How the dollar behaves in the ensuing stage will be influenced heavily by how America emerges from this challenge, and here most signs do not look favorable. In spite of President Trump’s claims, the U.S. has not handled the pandemic well. One need look no farther than exhibit A, which is that with only 4.3% of the world population, the United States accounts for a third of all reported cases and 28% of identified Covid-related deaths.

The underlying theology of Trumpism, which is currently indistinguishable from Republican dogma, is that the public sector is terribly inept in whatever it tries to do. Except in matters of war and police protection, the public sector should stay out of the way and let the private sector handle things. The real truth is that there are many things for which the private sector is better equipped for allocating resources and determining the distribution of product and services, but there are also many other activities for which the private sector is pretty clueless. In those instances when private enterprise is permitted to be the major player, decisions are made that impair the public welfare and fail horribly to provide for the people’s common defense. A world pandemic and recession is one example.

The roughly 1000-point decline in the DJIA over the last two days is a sign that the financial community believes President Trump is going to screw up the handling of the reopening of America’s economy. He has cast away people with professional expertise from all parts of the federal bureaucracy, essentially hollowing out the government and leaving it ill-prepared to manage a crisis like the present one.
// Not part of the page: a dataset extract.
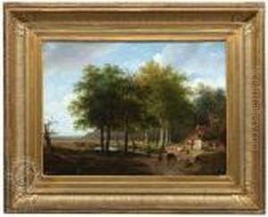 View Of A Watermill In Woodland, With A Haycart Approaching On A Track To The Right

He has weakened Obamacare and taken no alternative step to transition America away from a system dependent on employer-funding. This unique aspect of U.S. healthcare is an historical quirk, created around World War 2 when companies weren’t allowed to raise prices or wages and so managed to compete instead by offering fringe benefits like health care insurance. It served a purpose then but saddled the country with a healthcare program resulting in shorter life expectancy now and far more comparative costs than experienced in most other industrialized economies. These problems have been known for a long time, but the pandemic has revealed a third catastrophic shortcoming of employer-funded healthcare in that such presents an enormous impediment to preserving public health during a pandemic that requires social distancing.
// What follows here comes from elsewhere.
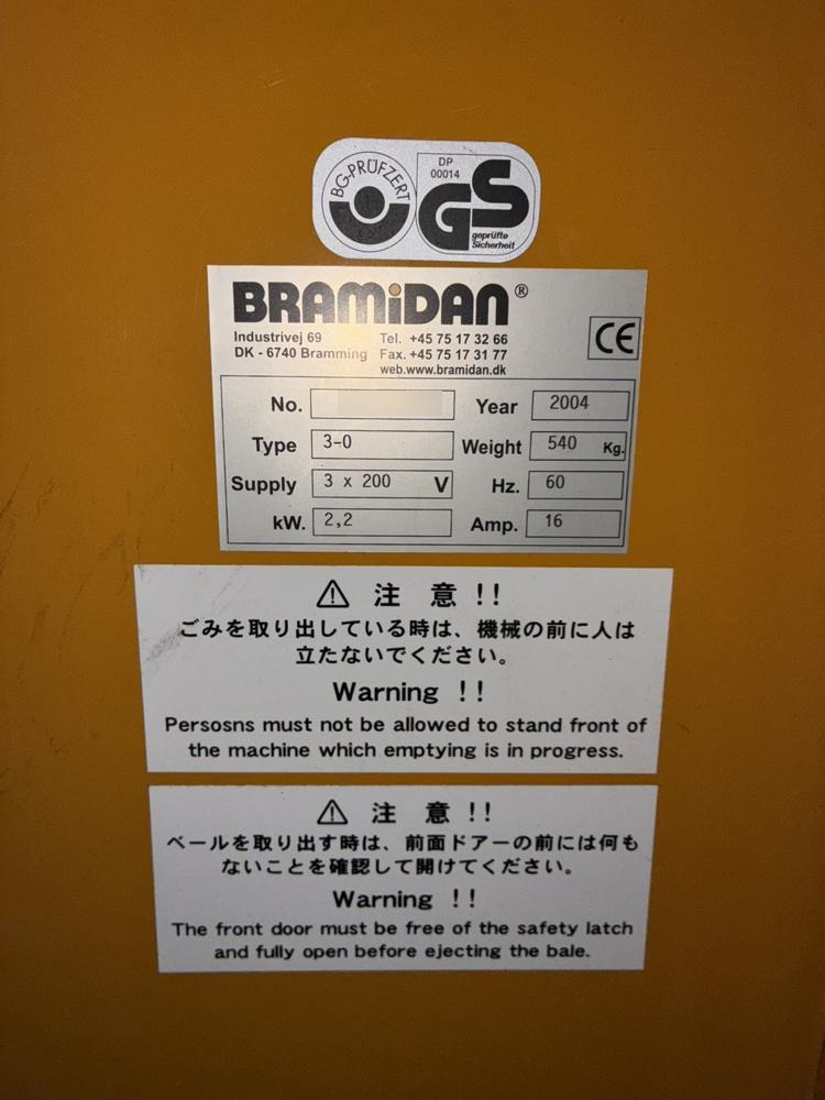 ・品名:ブラミダン製縦型プレス機 圧縮圧8トン ・メーカー:ブラミダン(BRAMIDAN) ・型式:3-0 ・年式:2004年 ・電圧:3相 200V ・モーター容量:2.2kW ・重量:540kg ・周波数:60Hz ・アンペア数:16A ・圧縮圧:8トン |

On top of the lack of long-term preparation for this emergency and not using critical months to secure PPE gear and a system of targeted infection tracing, America even now is devoting way too much time and energy to finding another entity to blame for its internal inadequacies. Who cares? Suffice it to say, a challenge to open the economy in a way that prevents a second big wave of deaths and illness should command 110% attention.  The global Covid-19 death total to date is still less than 6% of the final number in the Spanish flu epidemic of 1918-19. There’s still time to avert a disaster of much greater degree, but the federal government has got to take the lead.  Quit casting blame, and solve the real mess. Fanning a cold civil war in the United States isn’t the way, and doing that is not going to inspire the confidence of world investors that a dollar-centric international monetary system will be sustained.
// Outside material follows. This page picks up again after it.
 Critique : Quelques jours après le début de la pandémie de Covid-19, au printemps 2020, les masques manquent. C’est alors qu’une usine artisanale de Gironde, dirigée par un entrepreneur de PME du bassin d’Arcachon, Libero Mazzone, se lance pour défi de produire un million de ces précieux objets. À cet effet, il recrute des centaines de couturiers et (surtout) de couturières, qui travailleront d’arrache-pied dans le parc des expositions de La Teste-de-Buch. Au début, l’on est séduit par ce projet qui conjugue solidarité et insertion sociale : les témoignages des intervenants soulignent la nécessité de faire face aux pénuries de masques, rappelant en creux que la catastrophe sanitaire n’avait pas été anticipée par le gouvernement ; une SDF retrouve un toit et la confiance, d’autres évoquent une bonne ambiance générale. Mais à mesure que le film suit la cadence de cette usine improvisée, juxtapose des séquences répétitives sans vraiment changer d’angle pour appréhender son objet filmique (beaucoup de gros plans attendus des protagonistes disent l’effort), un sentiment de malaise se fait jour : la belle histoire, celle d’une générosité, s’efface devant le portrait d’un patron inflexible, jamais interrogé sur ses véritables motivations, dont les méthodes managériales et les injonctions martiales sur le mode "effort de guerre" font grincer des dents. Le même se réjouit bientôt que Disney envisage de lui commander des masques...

There is a misguided tendency to pin America’s political mismanagement on one person or one political party. Fascism took root in the 1930s because voters were entranced by the sirens of racism and nationalism. In a country built on slave ownership and the European genocide of the indigenous peoples in North America, it’s not unreasonable to imagine the same mistakes and ultimate stigma happening in the United States. And if that does in fact occur, the dollar isn’t going to keep its top dog place among the currencies of the world.